Banyan - September 2023

Kitchen United’s Closure of Kroger Locations Casts Doubt on in-Grocery Restaurants

Kroger

Kitchen United has shut down its in-Kroger omnichannel food halls, begging questions about the future of new in-grocery-store restaurants.

The food service company, which specializes in ghost kitchens and provided Kroger with in-store multi-brand food halls available both for on-site purchasing and digital ordering, has closed all its locations with the grocer, according to Restaurant Business. The decision comes as part of Kitchen United’s shift to focus on technology, rather than on operating restaurants.

“We appreciate [Kroger’s] partnership and support over the years,” Kitchen United told Winsight Grocery Business. “We are currently looking to pivot back into a software business.”

The move follows Kroger’s participation in Kitchen United’s $100 million funding round in July 2022 and comes more than two years after the two companies first kicked off their partnership on in-store food service options.

“Unfortunately, Kitchen United will no longer operate in our stores,” a Kroger spokesperson wrote to Grocery Dive. “We apologize for any inconvenience this may create and encourage customers to explore delicious ready-to-eat items in our deli departments.”

The closures are surprising, given that in-grocery store restaurants were seemingly positioned for growth in recent years. More supermarket concepts are opening with in-store food service options including fast-casual concepts, sushi bars and bars and cafés.

Many consumers are buying meals at grocery stores, with Kroger having become the leading sushi seller in the United States.

In an interview with PYMNTS posted in March, Atul Sood, then chief business officer at Kitchen United (now CEO), contended that there has been growing consumer demand for more hot food options at the supermarket.

“What we had as an initial hypothesis was that when consumers do shopping for the week, they don’t necessarily want to cook that night,” Sood said at the time. “That seems to be really clicking with consumers. As soon as they get educated about the option of ordering from restaurants in a grocery store, repeat orders tend to be very high and consumer retention tends to be very strong.”

It would appear that Walmart, the world’s leading grocer, continues to partner with Ghost Kitchens on in-store food service options, another collaboration that kicked off in 2021. The virtual restaurant company’s website still shows Walmart locations available for ordering.

Perhaps the omnichannel food hall model has not proven to be the most cost-effective way to capture this demand. Yet consumers continue to want quick, easy meal options at the grocery store.

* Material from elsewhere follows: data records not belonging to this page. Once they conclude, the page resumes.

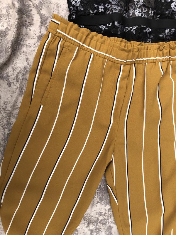 В идеальном состоянии. Вшитая резинка на поясе. Свободного прямого кроя. Длина 91 Пояс 82 ПО бедра 51 Посадка перед 28 Посадка зад 39 ПО штанина верх(ляжка) 31 штанина низ 17
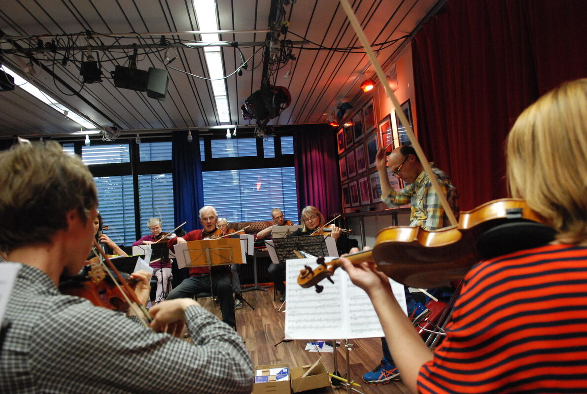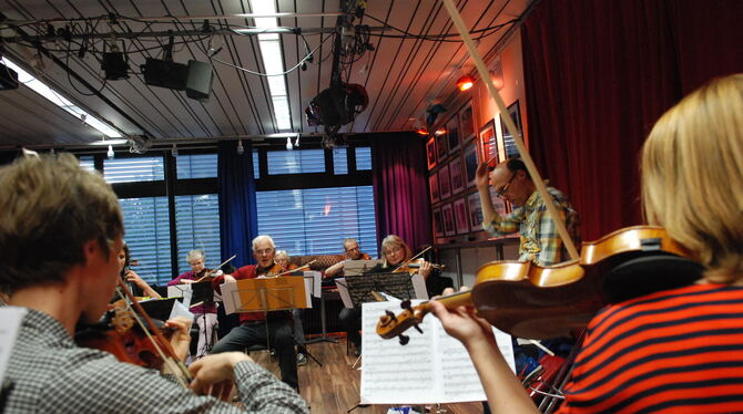 Mit Elan: Das Kammerorchester Metzingen probt unter seinem Stammdirigenten Oliver Bensch in der Medienakademie. FOTO: PFISTERER
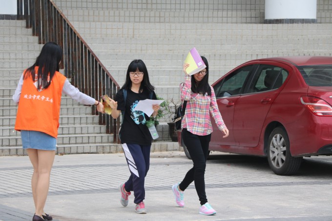 政法51吃瓜学生会成员在摊位前通过派发传单和游说的形式宣传模拟法庭活动,鼓励各院同学积极参与。
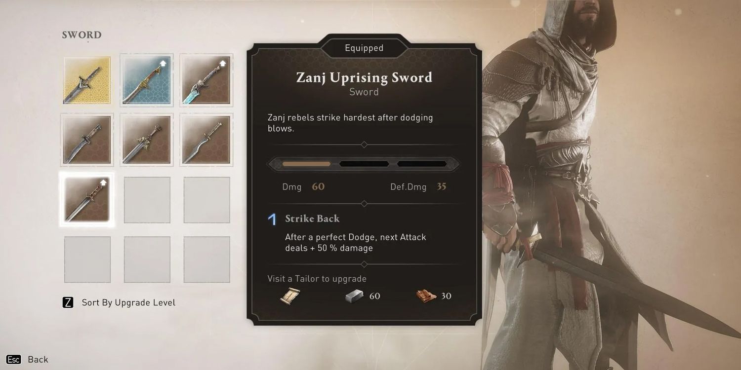 El levantamiento de Zanj es un movimiento de los oprimidos de Bagdad, por lo que tiene sentido que una espada asociada con la rebelión no sea particularmente ornamentada. Dicho esto, su utilitarismo limpio puede parecer algo deficiente en comparación con alternativas más llamativas en Espejismo del Credo del Asesino. Esta es una opción sólida para aquellos que prefieren las espadas rectas, pero es poco probable que su diseño se utilice hasta el final cuando se coloca entre la competencia.
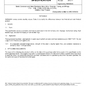 This specification covers a corrosion and heat-resistant steel in the form of bars, wire, forgings, mechanical tubing, flash welded rings, and stock for forging or flash welded rings.
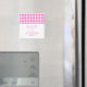 Simples mas elegante Imã salve a data de Houndstooth com um fundo de padrão de houndstooth cor-de-rosa e branco. Fácil de personalizar com seus detalhes de casamento. Para obter mais opções de personalização, clique no botão Personalizar Ti.
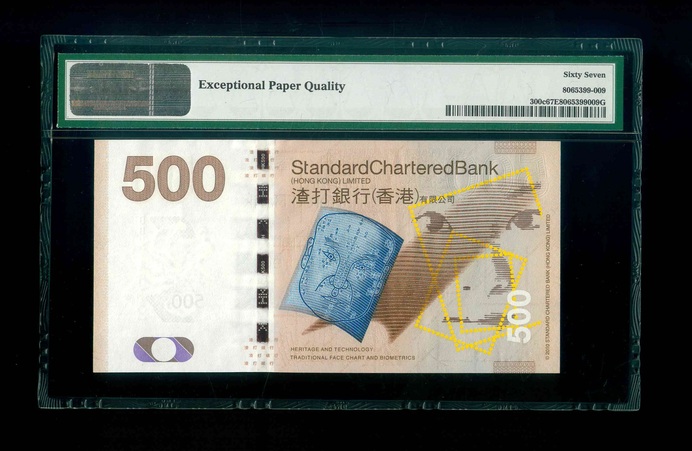 2013 香港渣打銀行 $500 PMG 67 EPQ 編號:BB274812(頂級雪白)

According to the PYMNTS Intelligence study “Connected Dining: Ready-to-Eat Meals Are Eating Restaurants’ Lunch,” 57% of consumers now purchase ready-to-eat meals at least once a month, and 28% do so once a week or more. Plus, 65% of those who purchased ready-to-eat meals in the last month bought them from a grocery store.

As such, it seems that, while in-grocery store food halls may not be the answer, supermarkets continue to have the opportunity to seize on consumer demand for premade meals.